* To do *
Reproduce only the lines below from the line containing "Impiattare versando uno" to the line containing "Kívül-belül elsimított felületű, fekete", exactly as written, with both end lines kept. Omit the pictures.

* Supplied information *
/---
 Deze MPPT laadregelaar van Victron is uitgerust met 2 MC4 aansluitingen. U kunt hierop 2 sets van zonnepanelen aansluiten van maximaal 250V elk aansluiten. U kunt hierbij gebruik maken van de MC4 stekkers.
\---
/---
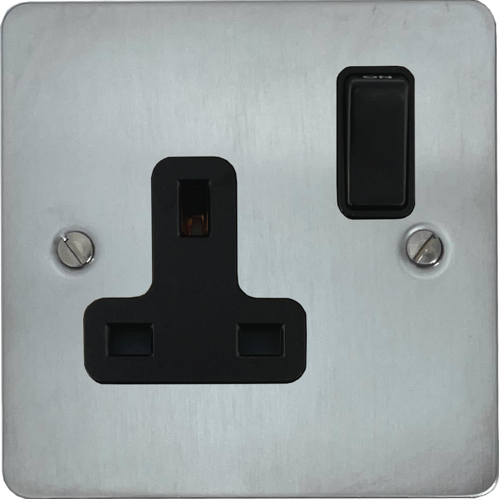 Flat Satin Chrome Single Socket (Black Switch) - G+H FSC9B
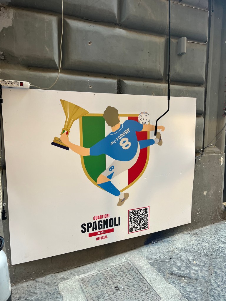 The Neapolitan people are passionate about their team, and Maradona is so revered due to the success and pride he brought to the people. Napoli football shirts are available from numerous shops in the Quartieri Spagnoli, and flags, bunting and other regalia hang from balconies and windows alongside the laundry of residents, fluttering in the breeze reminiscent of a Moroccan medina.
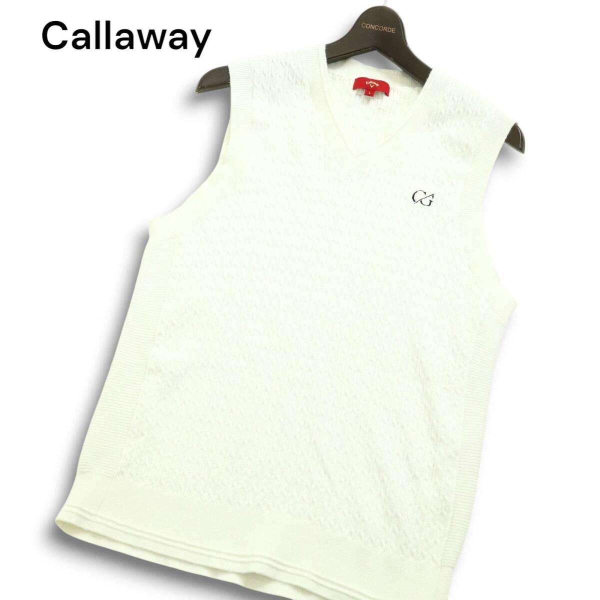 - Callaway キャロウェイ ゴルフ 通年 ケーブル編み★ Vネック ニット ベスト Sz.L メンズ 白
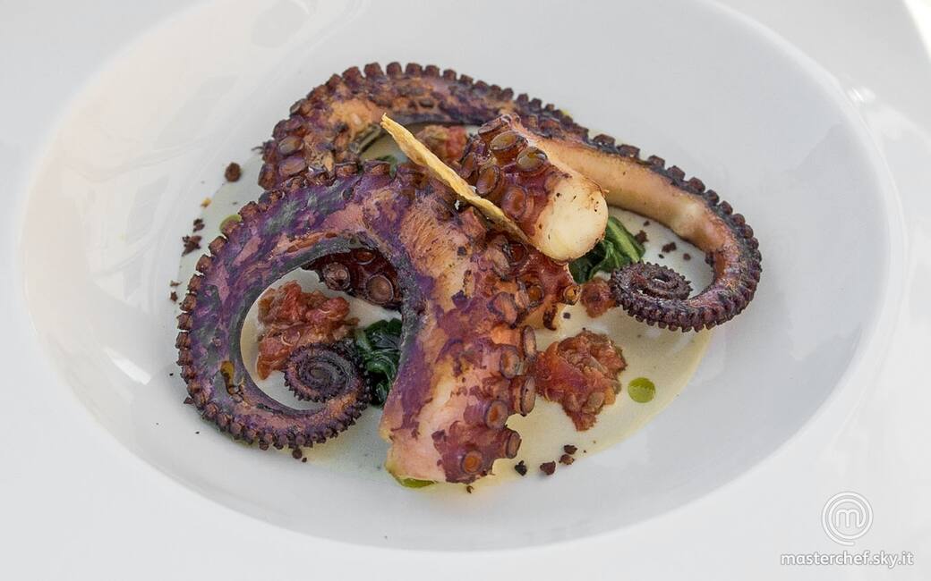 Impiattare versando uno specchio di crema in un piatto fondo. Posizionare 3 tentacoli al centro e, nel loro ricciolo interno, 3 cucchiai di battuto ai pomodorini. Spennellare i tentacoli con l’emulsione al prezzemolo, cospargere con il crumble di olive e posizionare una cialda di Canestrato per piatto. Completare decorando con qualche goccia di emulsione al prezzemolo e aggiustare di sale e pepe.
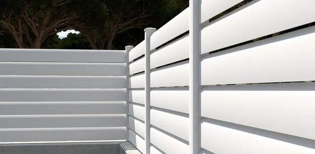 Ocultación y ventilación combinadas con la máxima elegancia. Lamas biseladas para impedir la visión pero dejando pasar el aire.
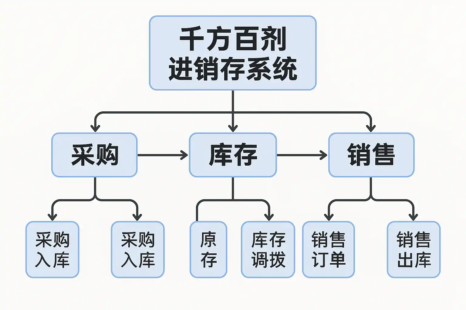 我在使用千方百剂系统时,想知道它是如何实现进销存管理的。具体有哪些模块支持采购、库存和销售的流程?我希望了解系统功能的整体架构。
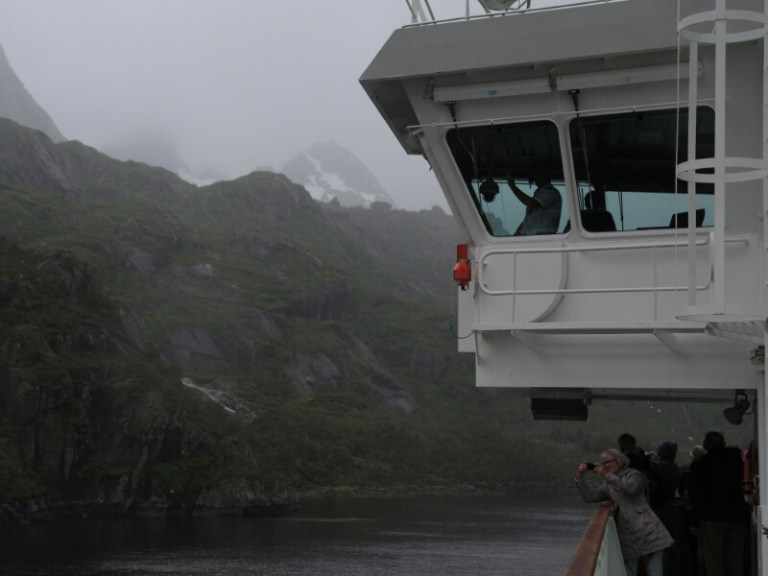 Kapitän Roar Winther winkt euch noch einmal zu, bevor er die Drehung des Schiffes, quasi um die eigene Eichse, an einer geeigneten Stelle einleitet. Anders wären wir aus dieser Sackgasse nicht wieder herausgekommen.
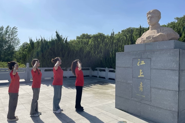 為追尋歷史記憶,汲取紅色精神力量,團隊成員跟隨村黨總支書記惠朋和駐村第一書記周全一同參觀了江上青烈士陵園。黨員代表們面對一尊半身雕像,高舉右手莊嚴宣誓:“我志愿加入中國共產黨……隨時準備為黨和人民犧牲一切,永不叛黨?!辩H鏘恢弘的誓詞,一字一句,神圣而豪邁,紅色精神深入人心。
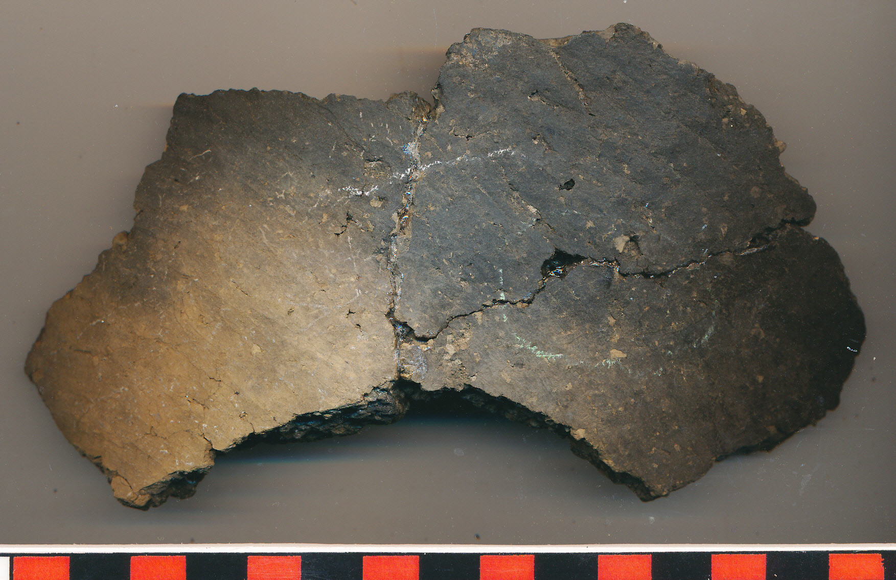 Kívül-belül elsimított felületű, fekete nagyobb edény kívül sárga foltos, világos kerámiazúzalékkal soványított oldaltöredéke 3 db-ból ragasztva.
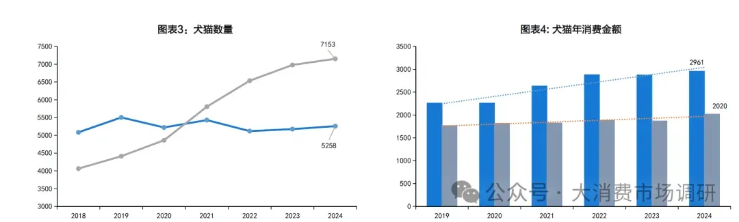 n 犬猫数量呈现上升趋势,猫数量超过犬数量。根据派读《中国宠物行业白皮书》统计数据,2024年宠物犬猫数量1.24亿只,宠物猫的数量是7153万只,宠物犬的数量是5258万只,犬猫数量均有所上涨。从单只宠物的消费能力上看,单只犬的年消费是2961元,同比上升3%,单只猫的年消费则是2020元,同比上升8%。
\---
/---
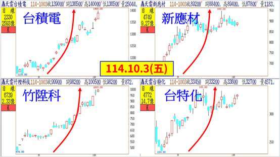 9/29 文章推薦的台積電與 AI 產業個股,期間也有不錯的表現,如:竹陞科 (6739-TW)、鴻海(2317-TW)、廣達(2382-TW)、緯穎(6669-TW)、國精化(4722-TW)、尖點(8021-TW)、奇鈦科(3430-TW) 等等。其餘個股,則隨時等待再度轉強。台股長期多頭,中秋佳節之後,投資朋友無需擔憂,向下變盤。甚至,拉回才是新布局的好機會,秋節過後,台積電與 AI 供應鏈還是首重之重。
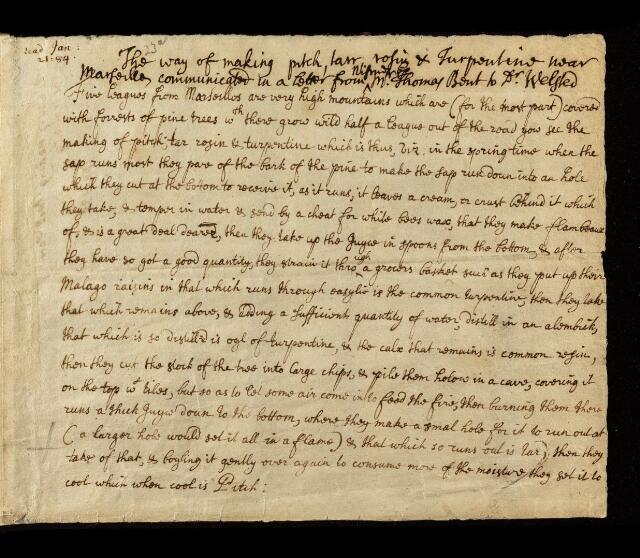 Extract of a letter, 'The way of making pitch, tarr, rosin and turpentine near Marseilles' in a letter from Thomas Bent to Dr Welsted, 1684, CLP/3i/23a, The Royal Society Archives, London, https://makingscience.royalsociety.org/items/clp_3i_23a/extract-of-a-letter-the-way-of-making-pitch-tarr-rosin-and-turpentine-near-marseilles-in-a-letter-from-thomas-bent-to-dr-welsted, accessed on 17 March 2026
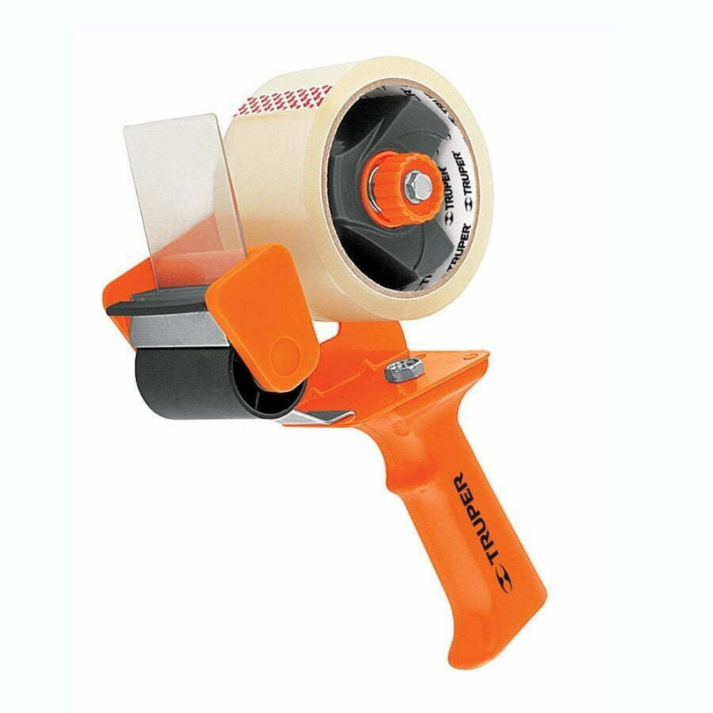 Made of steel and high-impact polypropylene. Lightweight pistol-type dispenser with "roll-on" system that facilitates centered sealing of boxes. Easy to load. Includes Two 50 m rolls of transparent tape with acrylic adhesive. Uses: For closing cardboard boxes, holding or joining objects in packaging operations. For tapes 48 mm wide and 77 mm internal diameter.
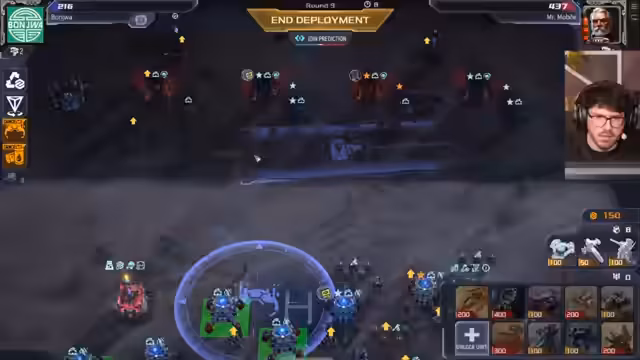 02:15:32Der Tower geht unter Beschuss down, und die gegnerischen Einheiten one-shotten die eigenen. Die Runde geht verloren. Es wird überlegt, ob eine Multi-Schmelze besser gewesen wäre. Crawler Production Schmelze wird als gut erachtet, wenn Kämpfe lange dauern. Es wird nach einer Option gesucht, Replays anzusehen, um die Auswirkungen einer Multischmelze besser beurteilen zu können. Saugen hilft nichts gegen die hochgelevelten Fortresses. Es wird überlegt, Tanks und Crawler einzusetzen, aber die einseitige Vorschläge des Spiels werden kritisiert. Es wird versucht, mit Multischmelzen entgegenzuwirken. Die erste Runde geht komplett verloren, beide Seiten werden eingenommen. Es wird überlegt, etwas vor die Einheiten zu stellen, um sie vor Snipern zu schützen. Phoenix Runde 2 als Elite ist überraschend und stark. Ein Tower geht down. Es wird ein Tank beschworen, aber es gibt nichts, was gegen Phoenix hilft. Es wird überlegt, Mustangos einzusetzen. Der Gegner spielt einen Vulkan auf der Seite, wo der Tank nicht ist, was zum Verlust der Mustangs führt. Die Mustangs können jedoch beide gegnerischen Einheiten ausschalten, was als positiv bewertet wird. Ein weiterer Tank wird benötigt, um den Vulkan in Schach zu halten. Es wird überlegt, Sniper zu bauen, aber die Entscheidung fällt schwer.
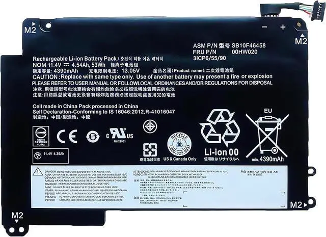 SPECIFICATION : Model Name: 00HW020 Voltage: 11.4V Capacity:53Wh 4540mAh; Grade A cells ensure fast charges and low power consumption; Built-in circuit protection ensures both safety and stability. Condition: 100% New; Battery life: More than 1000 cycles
\---
* Response *
 Impiattare versando uno specchio di crema in un piatto fondo. Posizionare 3 tentacoli al centro e, nel loro ricciolo interno, 3 cucchiai di battuto ai pomodorini. Spennellare i tentacoli con l’emulsione al prezzemolo, cospargere con il crumble di olive e posizionare una cialda di Canestrato per piatto. Completare decorando con qualche goccia di emulsione al prezzemolo e aggiustare di sale e pepe.
 Ocultación y ventilación combinadas con la máxima elegancia. Lamas biseladas para impedir la visión pero dejando pasar el aire.
 我在使用千方百剂系统时,想知道它是如何实现进销存管理的。具体有哪些模块支持采购、库存和销售的流程?我希望了解系统功能的整体架构。
 Kapitän Roar Winther winkt euch noch einmal zu, bevor er die Drehung des Schiffes, quasi um die eigene Eichse, an einer geeigneten Stelle einleitet. Anders wären wir aus dieser Sackgasse nicht wieder herausgekommen.
 為追尋歷史記憶,汲取紅色精神力量,團隊成員跟隨村黨總支書記惠朋和駐村第一書記周全一同參觀了江上青烈士陵園。黨員代表們面對一尊半身雕像,高舉右手莊嚴宣誓:“我志愿加入中國共產黨……隨時準備為黨和人民犧牲一切,永不叛黨?!辩H鏘恢弘的誓詞,一字一句,神圣而豪邁,紅色精神深入人心。
 Kívül-belül elsimított felületű, fekete nagyobb edény kívül sárga foltos, világos kerámiazúzalékkal soványított oldaltöredéke 3 db-ból ragasztva.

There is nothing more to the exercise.